- **EXERCISE DETAILS**:
Begin at the first line of the records below and, please, give each line again exactly until the line with "Una hamburguesa con" is included.

Stored dataset items:

****

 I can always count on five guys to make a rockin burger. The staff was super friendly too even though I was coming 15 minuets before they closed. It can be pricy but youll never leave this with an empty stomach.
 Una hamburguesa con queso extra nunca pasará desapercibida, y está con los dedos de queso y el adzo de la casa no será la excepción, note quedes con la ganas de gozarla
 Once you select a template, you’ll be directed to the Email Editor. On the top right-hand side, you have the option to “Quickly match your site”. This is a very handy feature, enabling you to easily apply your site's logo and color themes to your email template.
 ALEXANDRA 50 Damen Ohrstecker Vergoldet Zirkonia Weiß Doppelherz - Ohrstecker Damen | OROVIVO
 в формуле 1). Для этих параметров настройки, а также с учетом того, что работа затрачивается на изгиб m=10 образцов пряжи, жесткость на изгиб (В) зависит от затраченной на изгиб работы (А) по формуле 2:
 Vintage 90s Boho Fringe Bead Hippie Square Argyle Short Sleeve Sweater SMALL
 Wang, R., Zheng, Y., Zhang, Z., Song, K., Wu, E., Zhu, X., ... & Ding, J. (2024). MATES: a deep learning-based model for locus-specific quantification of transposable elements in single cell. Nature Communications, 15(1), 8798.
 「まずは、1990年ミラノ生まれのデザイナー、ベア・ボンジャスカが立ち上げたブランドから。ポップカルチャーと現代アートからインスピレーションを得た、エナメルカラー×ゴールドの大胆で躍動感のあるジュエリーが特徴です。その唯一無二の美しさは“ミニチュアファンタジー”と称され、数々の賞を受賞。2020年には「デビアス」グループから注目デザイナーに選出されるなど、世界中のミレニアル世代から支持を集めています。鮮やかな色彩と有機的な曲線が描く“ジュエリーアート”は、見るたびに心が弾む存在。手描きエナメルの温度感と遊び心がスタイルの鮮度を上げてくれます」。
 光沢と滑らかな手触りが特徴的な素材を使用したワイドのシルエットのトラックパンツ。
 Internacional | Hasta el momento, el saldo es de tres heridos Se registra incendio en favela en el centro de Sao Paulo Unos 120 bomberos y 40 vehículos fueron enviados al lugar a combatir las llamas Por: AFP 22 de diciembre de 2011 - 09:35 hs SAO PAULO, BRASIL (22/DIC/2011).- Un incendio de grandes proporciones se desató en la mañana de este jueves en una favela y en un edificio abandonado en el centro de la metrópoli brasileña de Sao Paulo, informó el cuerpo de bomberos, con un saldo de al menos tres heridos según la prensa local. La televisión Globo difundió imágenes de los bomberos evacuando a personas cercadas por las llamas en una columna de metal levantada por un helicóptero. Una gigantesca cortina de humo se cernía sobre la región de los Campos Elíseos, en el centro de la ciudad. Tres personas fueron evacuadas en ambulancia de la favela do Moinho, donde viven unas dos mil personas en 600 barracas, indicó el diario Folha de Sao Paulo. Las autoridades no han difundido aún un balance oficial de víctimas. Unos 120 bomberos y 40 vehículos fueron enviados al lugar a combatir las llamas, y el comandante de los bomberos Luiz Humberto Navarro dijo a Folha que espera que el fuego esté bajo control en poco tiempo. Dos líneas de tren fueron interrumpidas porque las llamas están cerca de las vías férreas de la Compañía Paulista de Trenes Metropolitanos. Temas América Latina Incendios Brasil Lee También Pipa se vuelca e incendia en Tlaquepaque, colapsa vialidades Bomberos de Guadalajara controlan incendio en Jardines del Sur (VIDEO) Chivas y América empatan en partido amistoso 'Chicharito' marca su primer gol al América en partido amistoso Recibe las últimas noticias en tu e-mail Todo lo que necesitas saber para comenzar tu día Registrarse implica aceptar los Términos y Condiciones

****

- **RESPONSE TO THE TASK**:
 I can always count on five guys to make a rockin burger. The staff was super friendly too even though I was coming 15 minuets before they closed. It can be pricy but youll never leave this with an empty stomach.
 Una hamburguesa con queso extra nunca pasará desapercibida, y está con los dedos de queso y el adzo de la casa no será la excepción, note quedes con la ganas de gozarla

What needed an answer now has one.